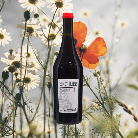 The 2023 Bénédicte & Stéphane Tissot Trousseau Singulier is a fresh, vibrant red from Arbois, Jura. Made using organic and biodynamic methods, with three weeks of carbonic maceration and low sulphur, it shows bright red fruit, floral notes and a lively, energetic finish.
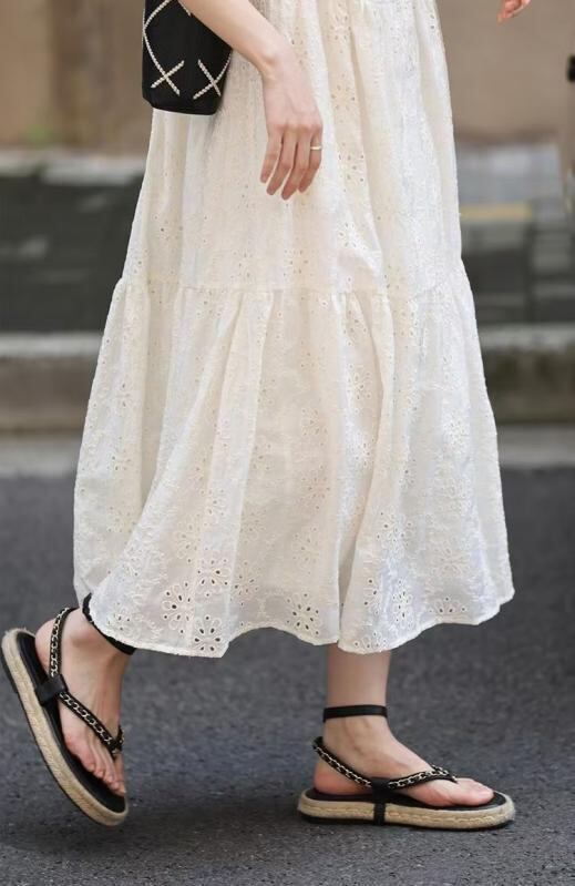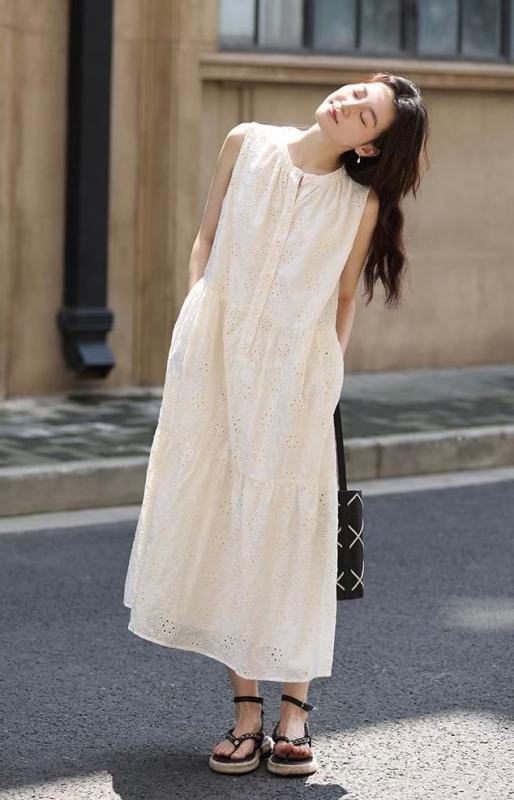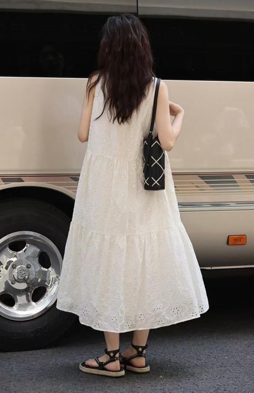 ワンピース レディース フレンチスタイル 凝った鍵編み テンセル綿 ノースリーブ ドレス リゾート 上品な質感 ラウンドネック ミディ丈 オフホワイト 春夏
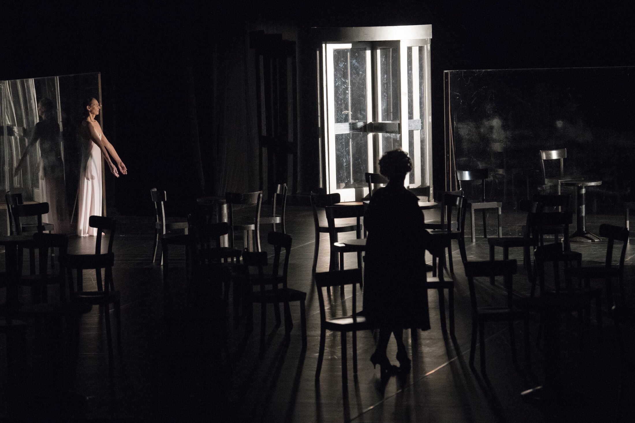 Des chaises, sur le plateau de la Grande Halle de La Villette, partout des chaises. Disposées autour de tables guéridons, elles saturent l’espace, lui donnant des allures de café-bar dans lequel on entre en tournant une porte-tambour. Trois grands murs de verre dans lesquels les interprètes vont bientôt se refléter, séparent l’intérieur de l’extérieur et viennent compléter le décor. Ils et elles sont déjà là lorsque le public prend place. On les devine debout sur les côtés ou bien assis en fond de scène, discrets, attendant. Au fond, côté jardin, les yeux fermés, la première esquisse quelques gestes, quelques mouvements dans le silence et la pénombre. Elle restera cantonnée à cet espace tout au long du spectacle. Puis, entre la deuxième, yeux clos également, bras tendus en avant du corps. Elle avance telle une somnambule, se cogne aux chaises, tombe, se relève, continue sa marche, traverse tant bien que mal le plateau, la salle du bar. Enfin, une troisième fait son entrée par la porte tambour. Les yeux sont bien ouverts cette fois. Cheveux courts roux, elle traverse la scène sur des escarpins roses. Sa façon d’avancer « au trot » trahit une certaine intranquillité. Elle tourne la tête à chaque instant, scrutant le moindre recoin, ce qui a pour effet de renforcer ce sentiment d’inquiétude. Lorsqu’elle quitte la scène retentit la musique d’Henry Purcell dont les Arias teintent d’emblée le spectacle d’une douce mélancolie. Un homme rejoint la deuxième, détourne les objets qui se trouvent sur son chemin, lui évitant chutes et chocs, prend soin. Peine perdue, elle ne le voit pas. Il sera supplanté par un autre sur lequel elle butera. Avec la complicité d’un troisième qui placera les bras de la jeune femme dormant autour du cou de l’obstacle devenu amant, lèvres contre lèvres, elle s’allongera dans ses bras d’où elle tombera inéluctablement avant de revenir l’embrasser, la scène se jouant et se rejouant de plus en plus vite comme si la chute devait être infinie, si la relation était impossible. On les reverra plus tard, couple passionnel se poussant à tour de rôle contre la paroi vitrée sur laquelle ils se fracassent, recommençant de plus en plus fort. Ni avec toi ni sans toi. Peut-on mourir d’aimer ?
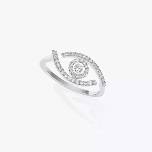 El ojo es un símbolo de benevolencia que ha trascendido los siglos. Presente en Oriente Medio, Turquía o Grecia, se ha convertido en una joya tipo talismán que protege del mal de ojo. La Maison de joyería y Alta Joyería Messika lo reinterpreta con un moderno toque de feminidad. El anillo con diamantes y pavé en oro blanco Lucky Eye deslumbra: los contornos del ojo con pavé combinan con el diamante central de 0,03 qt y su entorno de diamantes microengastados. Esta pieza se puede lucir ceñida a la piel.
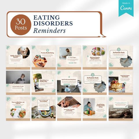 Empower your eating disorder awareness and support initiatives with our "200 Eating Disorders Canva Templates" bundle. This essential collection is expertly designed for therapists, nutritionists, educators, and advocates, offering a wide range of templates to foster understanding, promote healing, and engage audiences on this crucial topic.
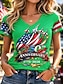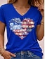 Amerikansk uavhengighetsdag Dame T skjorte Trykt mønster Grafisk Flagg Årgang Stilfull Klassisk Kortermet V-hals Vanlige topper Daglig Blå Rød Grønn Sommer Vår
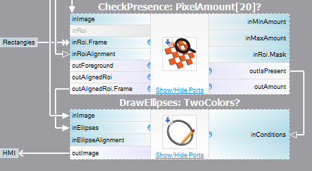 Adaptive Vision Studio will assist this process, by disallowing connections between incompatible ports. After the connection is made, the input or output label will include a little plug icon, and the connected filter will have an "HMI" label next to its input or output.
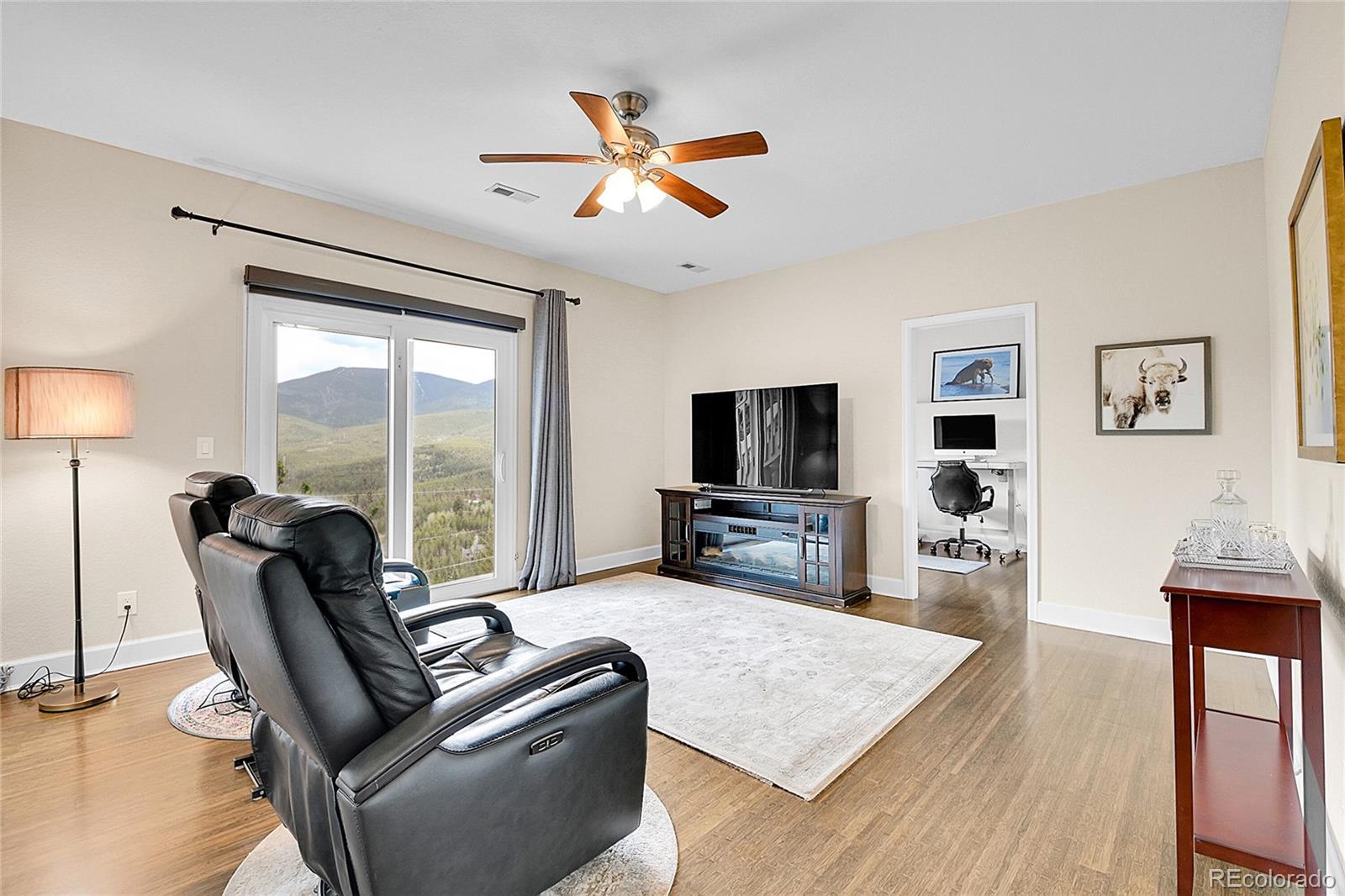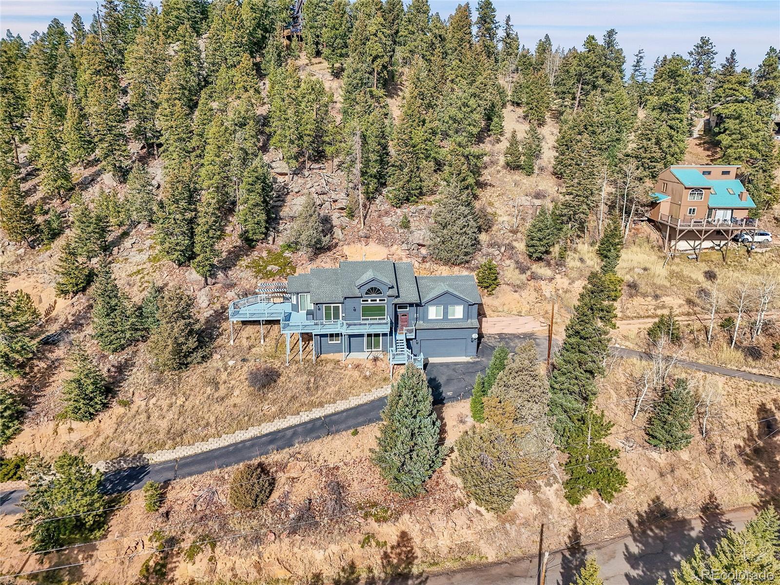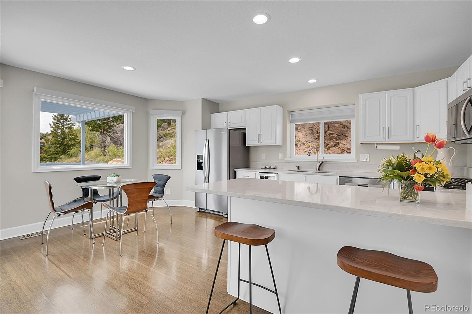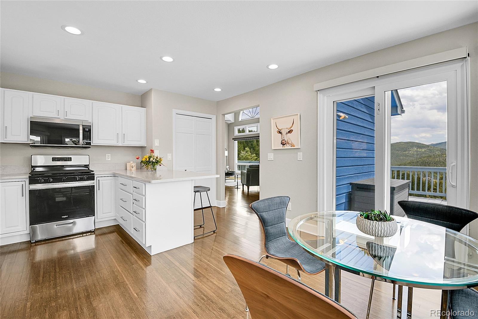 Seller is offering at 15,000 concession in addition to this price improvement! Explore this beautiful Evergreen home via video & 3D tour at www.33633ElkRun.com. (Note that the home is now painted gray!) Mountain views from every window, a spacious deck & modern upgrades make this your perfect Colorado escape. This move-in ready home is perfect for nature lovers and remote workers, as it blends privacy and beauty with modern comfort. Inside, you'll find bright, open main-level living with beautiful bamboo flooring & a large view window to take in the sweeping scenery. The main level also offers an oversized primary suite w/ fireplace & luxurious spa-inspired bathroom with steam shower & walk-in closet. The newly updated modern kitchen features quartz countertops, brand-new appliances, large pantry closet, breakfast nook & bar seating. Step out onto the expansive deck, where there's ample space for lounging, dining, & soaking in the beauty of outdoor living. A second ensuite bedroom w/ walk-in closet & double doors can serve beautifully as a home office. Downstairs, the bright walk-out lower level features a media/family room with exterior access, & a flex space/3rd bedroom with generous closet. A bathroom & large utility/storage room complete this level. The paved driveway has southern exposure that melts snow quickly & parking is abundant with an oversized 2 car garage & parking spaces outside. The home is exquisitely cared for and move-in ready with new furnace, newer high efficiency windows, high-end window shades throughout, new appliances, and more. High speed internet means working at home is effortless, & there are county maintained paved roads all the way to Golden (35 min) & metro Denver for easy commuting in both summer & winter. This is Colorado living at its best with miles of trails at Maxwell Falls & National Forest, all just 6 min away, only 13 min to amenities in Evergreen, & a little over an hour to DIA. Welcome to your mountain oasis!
++++++
● HOW TO COMPLETE THIS TASK
Could the data above be copied out exactly, with no pictures kept?

● SOLUTION TO THE EXERCISE
 The 2023 Bénédicte & Stéphane Tissot Trousseau Singulier is a fresh, vibrant red from Arbois, Jura. Made using organic and biodynamic methods, with three weeks of carbonic maceration and low sulphur, it shows bright red fruit, floral notes and a lively, energetic finish.
 ワンピース レディース フレンチスタイル 凝った鍵編み テンセル綿 ノースリーブ ドレス リゾート 上品な質感 ラウンドネック ミディ丈 オフホワイト 春夏
 Des chaises, sur le plateau de la Grande Halle de La Villette, partout des chaises. Disposées autour de tables guéridons, elles saturent l’espace, lui donnant des allures de café-bar dans lequel on entre en tournant une porte-tambour. Trois grands murs de verre dans lesquels les interprètes vont bientôt se refléter, séparent l’intérieur de l’extérieur et viennent compléter le décor. Ils et elles sont déjà là lorsque le public prend place. On les devine debout sur les côtés ou bien assis en fond de scène, discrets, attendant. Au fond, côté jardin, les yeux fermés, la première esquisse quelques gestes, quelques mouvements dans le silence et la pénombre. Elle restera cantonnée à cet espace tout au long du spectacle. Puis, entre la deuxième, yeux clos également, bras tendus en avant du corps. Elle avance telle une somnambule, se cogne aux chaises, tombe, se relève, continue sa marche, traverse tant bien que mal le plateau, la salle du bar. Enfin, une troisième fait son entrée par la porte tambour. Les yeux sont bien ouverts cette fois. Cheveux courts roux, elle traverse la scène sur des escarpins roses. Sa façon d’avancer « au trot » trahit une certaine intranquillité. Elle tourne la tête à chaque instant, scrutant le moindre recoin, ce qui a pour effet de renforcer ce sentiment d’inquiétude. Lorsqu’elle quitte la scène retentit la musique d’Henry Purcell dont les Arias teintent d’emblée le spectacle d’une douce mélancolie. Un homme rejoint la deuxième, détourne les objets qui se trouvent sur son chemin, lui évitant chutes et chocs, prend soin. Peine perdue, elle ne le voit pas. Il sera supplanté par un autre sur lequel elle butera. Avec la complicité d’un troisième qui placera les bras de la jeune femme dormant autour du cou de l’obstacle devenu amant, lèvres contre lèvres, elle s’allongera dans ses bras d’où elle tombera inéluctablement avant de revenir l’embrasser, la scène se jouant et se rejouant de plus en plus vite comme si la chute devait être infinie, si la relation était impossible. On les reverra plus tard, couple passionnel se poussant à tour de rôle contre la paroi vitrée sur laquelle ils se fracassent, recommençant de plus en plus fort. Ni avec toi ni sans toi. Peut-on mourir d’aimer ?
 El ojo es un símbolo de benevolencia que ha trascendido los siglos. Presente en Oriente Medio, Turquía o Grecia, se ha convertido en una joya tipo talismán que protege del mal de ojo. La Maison de joyería y Alta Joyería Messika lo reinterpreta con un moderno toque de feminidad. El anillo con diamantes y pavé en oro blanco Lucky Eye deslumbra: los contornos del ojo con pavé combinan con el diamante central de 0,03 qt y su entorno de diamantes microengastados. Esta pieza se puede lucir ceñida a la piel.
 Empower your eating disorder awareness and support initiatives with our "200 Eating Disorders Canva Templates" bundle. This essential collection is expertly designed for therapists, nutritionists, educators, and advocates, offering a wide range of templates to foster understanding, promote healing, and engage audiences on this crucial topic.
 Amerikansk uavhengighetsdag Dame T skjorte Trykt mønster Grafisk Flagg Årgang Stilfull Klassisk Kortermet V-hals Vanlige topper Daglig Blå Rød Grønn Sommer Vår
 Adaptive Vision Studio will assist this process, by disallowing connections between incompatible ports. After the connection is made, the input or output label will include a little plug icon, and the connected filter will have an "HMI" label next to its input or output.
 Seller is offering at 15,000 concession in addition to this price improvement! Explore this beautiful Evergreen home via video & 3D tour at www.33633ElkRun.com. (Note that the home is now painted gray!) Mountain views from every window, a spacious deck & modern upgrades make this your perfect Colorado escape. This move-in ready home is perfect for nature lovers and remote workers, as it blends privacy and beauty with modern comfort. Inside, you'll find bright, open main-level living with beautiful bamboo flooring & a large view window to take in the sweeping scenery. The main level also offers an oversized primary suite w/ fireplace & luxurious spa-inspired bathroom with steam shower & walk-in closet. The newly updated modern kitchen features quartz countertops, brand-new appliances, large pantry closet, breakfast nook & bar seating. Step out onto the expansive deck, where there's ample space for lounging, dining, & soaking in the beauty of outdoor living. A second ensuite bedroom w/ walk-in closet & double doors can serve beautifully as a home office. Downstairs, the bright walk-out lower level features a media/family room with exterior access, & a flex space/3rd bedroom with generous closet. A bathroom & large utility/storage room complete this level. The paved driveway has southern exposure that melts snow quickly & parking is abundant with an oversized 2 car garage & parking spaces outside. The home is exquisitely cared for and move-in ready with new furnace, newer high efficiency windows, high-end window shades throughout, new appliances, and more. High speed internet means working at home is effortless, & there are county maintained paved roads all the way to Golden (35 min) & metro Denver for easy commuting in both summer & winter. This is Colorado living at its best with miles of trails at Maxwell Falls & National Forest, all just 6 min away, only 13 min to amenities in Evergreen, & a little over an hour to DIA. Welcome to your mountain oasis!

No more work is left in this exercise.